RECORDS SHOWN »
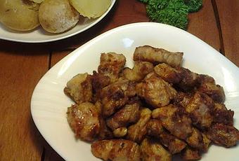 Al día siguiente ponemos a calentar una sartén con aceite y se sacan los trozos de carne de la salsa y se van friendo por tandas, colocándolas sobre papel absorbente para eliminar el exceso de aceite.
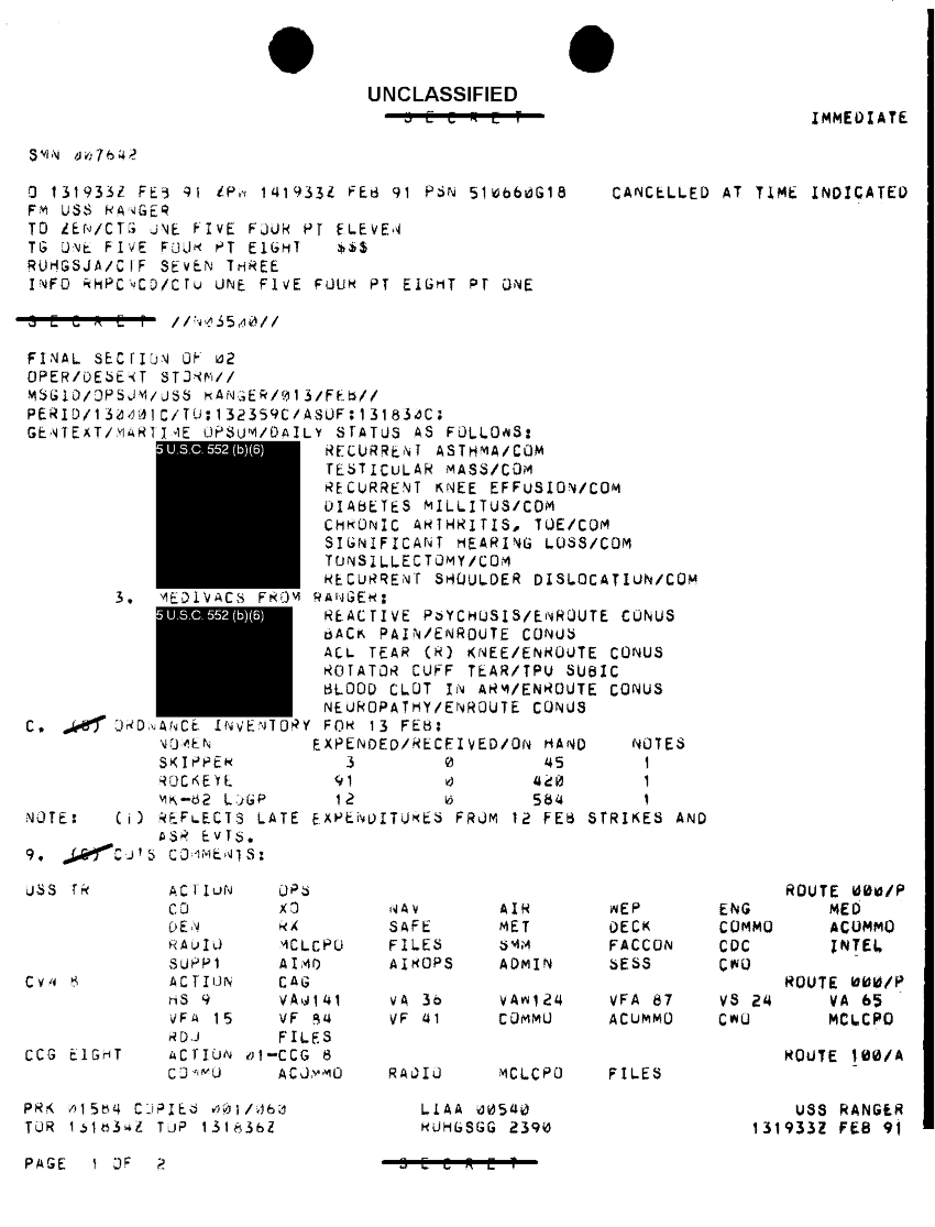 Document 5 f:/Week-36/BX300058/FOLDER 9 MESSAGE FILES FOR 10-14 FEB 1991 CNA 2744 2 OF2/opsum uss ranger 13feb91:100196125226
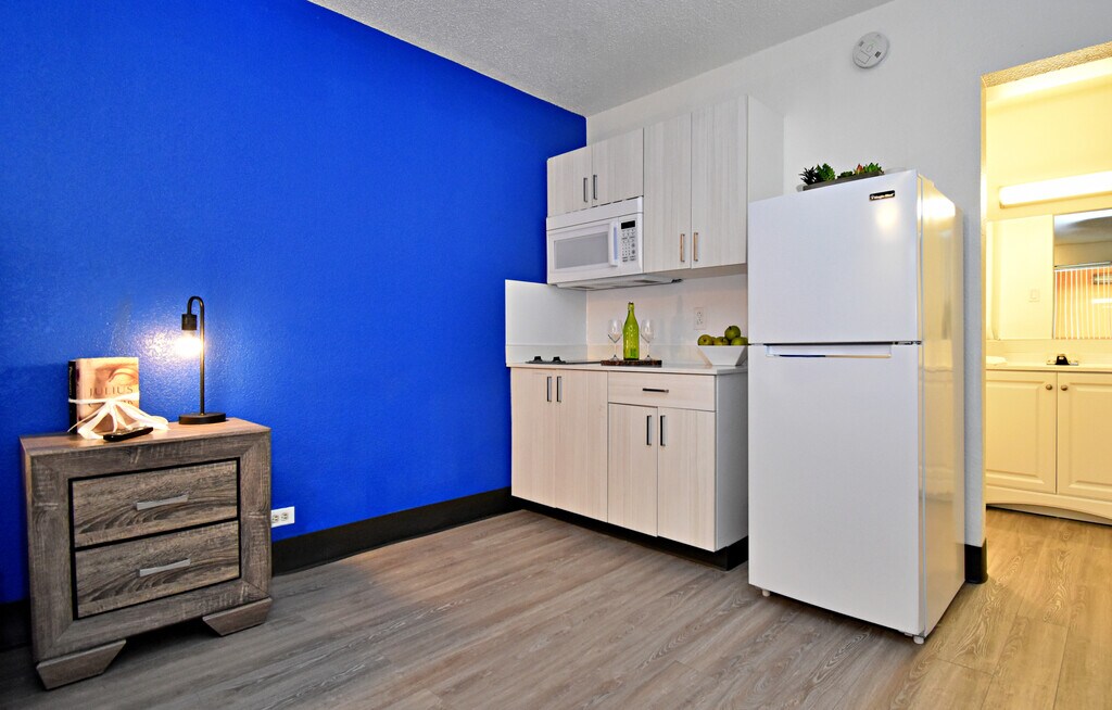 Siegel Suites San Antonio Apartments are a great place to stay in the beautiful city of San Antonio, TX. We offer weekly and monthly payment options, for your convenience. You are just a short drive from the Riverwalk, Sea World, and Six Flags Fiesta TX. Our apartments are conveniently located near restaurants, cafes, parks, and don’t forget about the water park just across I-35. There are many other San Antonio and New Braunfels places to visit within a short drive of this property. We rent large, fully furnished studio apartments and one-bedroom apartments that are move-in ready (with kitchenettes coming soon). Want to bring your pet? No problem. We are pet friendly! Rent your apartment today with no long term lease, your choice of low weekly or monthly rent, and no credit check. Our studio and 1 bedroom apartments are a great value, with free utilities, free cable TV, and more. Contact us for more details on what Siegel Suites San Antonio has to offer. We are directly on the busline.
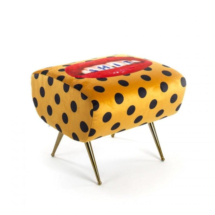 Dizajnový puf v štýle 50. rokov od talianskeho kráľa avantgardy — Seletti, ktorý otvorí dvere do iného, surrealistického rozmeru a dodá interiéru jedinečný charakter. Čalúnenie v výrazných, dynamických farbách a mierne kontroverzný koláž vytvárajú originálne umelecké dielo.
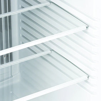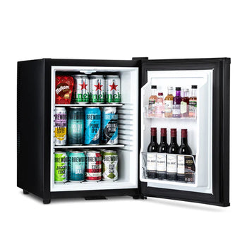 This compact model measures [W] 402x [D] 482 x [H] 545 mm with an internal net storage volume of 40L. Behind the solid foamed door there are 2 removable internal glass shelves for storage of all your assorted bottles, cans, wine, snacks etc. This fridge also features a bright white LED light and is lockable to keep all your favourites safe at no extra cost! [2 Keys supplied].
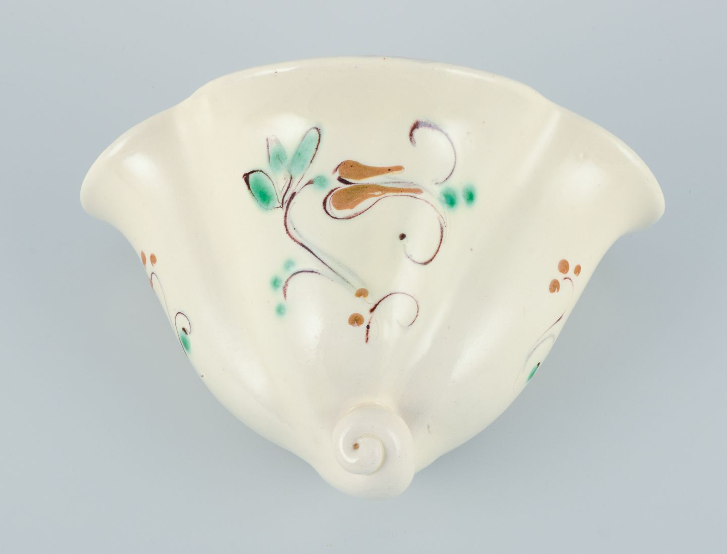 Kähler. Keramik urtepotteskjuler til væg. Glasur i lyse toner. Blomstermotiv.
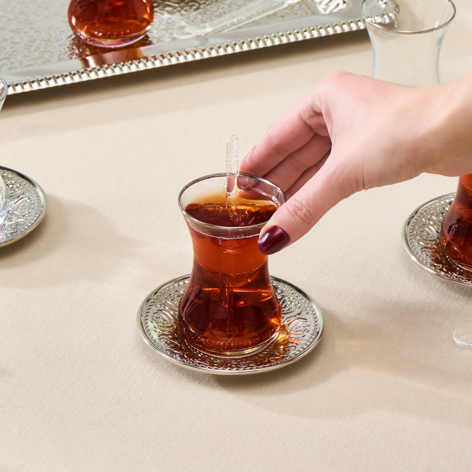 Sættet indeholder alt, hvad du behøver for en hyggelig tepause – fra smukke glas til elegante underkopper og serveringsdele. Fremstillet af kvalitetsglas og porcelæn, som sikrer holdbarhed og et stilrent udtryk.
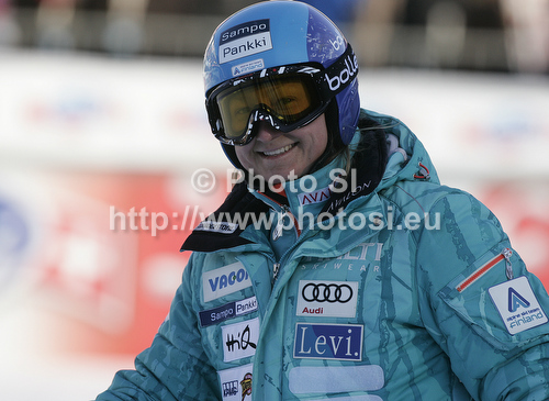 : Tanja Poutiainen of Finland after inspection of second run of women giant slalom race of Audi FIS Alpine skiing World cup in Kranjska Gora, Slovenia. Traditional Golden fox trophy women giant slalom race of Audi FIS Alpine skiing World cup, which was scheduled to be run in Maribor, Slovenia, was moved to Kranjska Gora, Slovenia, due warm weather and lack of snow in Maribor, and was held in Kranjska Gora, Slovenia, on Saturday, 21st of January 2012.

==

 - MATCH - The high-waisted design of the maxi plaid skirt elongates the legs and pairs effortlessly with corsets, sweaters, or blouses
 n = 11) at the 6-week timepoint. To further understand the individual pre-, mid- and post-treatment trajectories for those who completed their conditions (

EXERCISE BRIEF »
What are the lines above, starting at the one with "- MATCH - The" and ending at the one with "n = 11) at the"? Give them again exactly, and only them.

SOLUTION TO THE PROBLEM »
 - MATCH - The high-waisted design of the maxi plaid skirt elongates the legs and pairs effortlessly with corsets, sweaters, or blouses
 n = 11) at the 6-week timepoint. To further understand the individual pre-, mid- and post-treatment trajectories for those who completed their conditions (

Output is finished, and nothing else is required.